Sorry to keep bothering you guys regarding this project, but my boss is
adamant that we get consistent packet round-trip times of under 100
microseconds, and we seem to be inching closer…
For those coming it late, here’s what we’ve got:
We have two programs: a background program called DQE, and a simple
text-mode user interactive program called UA. The user can use the UA to
send a message to the DQE (using MsgSend()) to tell the DQE to send a
packet over the network. A DQE on the other machine gets the packet and
sends it back. When the first machine’s DQE sends the packet, it stores
a time value in the packet (from ClockCycles()), so that when it gets
the packet back it can calculate the round-trip time.
The network consists of just these 2 computers with Netgear 83815
ethernet cards connected directly by a crossover cable. Thus there is no
other network traffic to interfere. The networking code just sends
straight ethernet packets containing our desired data (e.g. clock time)
in the payload; no TCP/IP or UDP or anything.
As I said, the UA can send a “send a packet” command message to the
DQE. But the user can also tell the UA to send 10,000 “send a packet”
messages in a tight loop (with a nap(1) after each one). The UA can also
send a “print timing stats” message to the DQE, which will then print
out min, max, and average packet trip times, and a simple histogram.
Thanks to the wonderful people on this newsgroup, we have learned that
running the DQE at a higher priority than the UA (and pretty much
everything else) gives us good packet times. When not running the Photon
environment on either machine we consistently get packet times of less
than 100 microseconds. However, when sending only one packet, the packet
time often measures longer than the average time when sending 10,000
packets (~84 usec. vs. ~62 usec.
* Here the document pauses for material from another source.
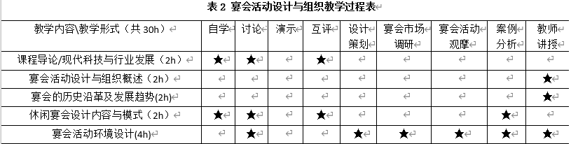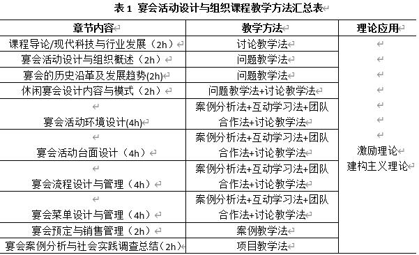 宴会活动设计与组织该门课程综合运用了讨论教学法、问题教学法、团队合作法、案例分析法、互动学习法、项目教学法等教学方法。本门课程针对不同章节的教学内容特点,将选择不一样的教学方法,以达到让学生理解该章节内容,掌握该章节教学目标要求的目的,每章具体内容与相应教学方法的采用详见表1。

The difference was much worse before we
raised the priority of the DQE; sending a single packet was often ~118
usec. or more). Remember, the loop is in the UA, not the DQE; the UA
sends 10,000 “send a packet” requests.
Now, my boss insists that since QNX supports “hard realtime” which is
our goal, and since QNX strictly honors priority (no thread will ever be
pre-empted by a lower priority thread), our results shouldn’t get worse
if we run these programs in a terminal window in the Photon environment.
But they do. So that’s what I’m banging my head on now; how can we get a
background task that can send and receive packets under 100 usec. even
when running Photon and working on other things? If the DQE is the
highest priority task, nothing else should be preempting it, right?
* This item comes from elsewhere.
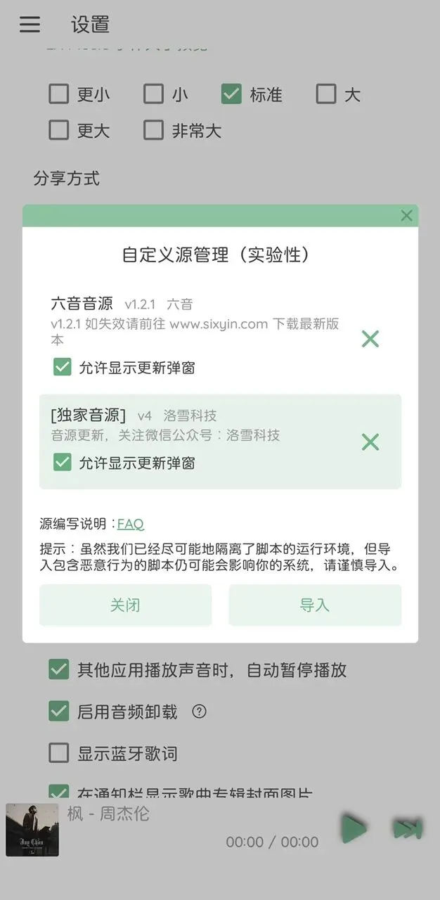 目前洛雪音乐只支持导入在线音源

Could it just be a matter of context switch time? Is my boss’
understanding of “realtime operating systems” correct in this regard?
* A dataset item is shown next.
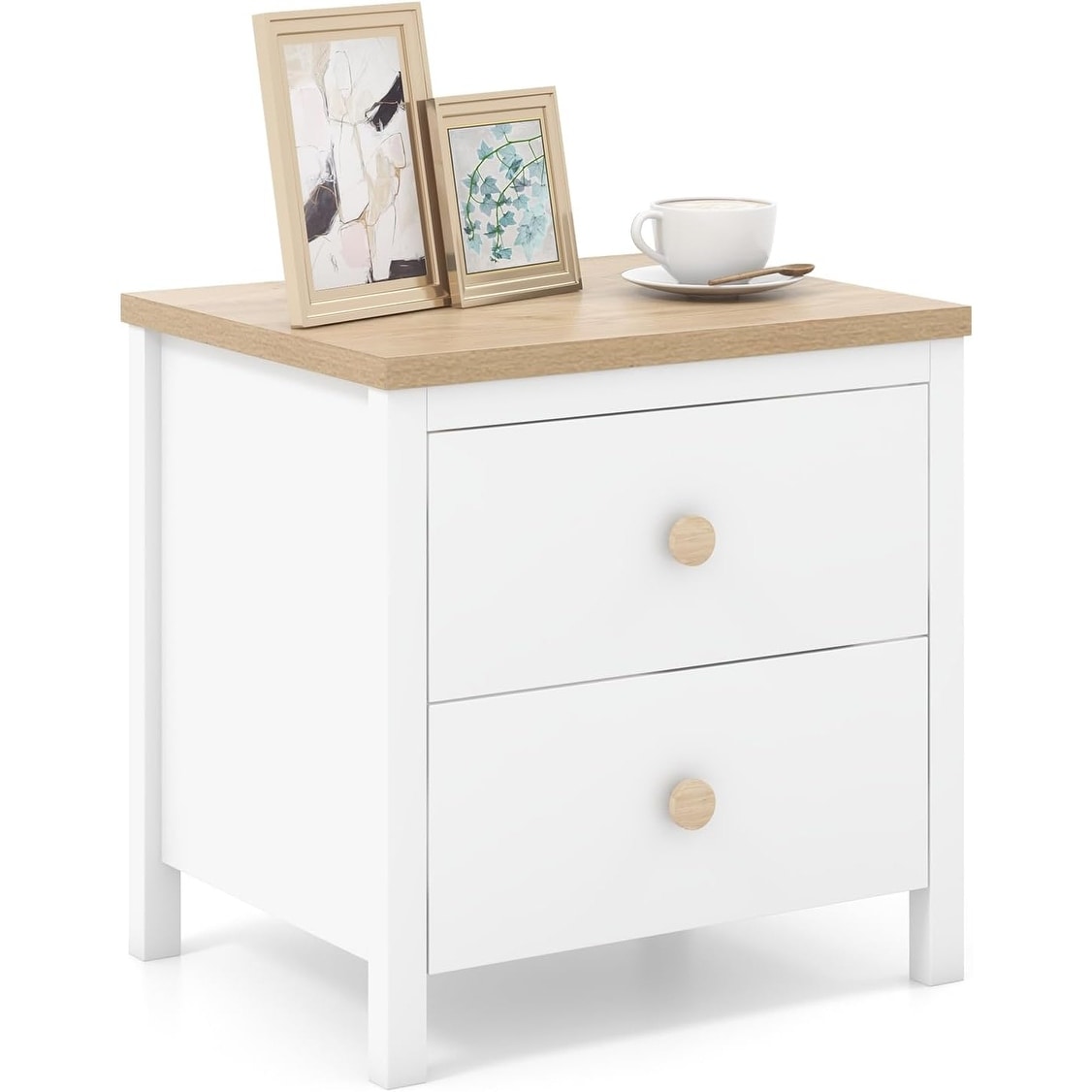 Compact Farmhouse Nightstand with 2 Drawers, Solid Wood Legs, Multifunctional Bedside Table for Bedroom, White

Perhaps some results would better illustrate:
Typical results for 10,000 packets when running with Photon are:
Min: 62 usec. Max: 189 usec. Avg: 62 usec.
Histogram:
40-79 usec: 9456 packets
80-99 usec: 469 packets
100-199 usec: 76 packets
Typical results when running from a text only environment on both
machines are:
Min: 62 usec. Max: 88 usec. Avg: 62 usec.
Histogram:
40-79 usec: 9999 packets
80-99 usec: 1 packets
100-199 usec: 0 packets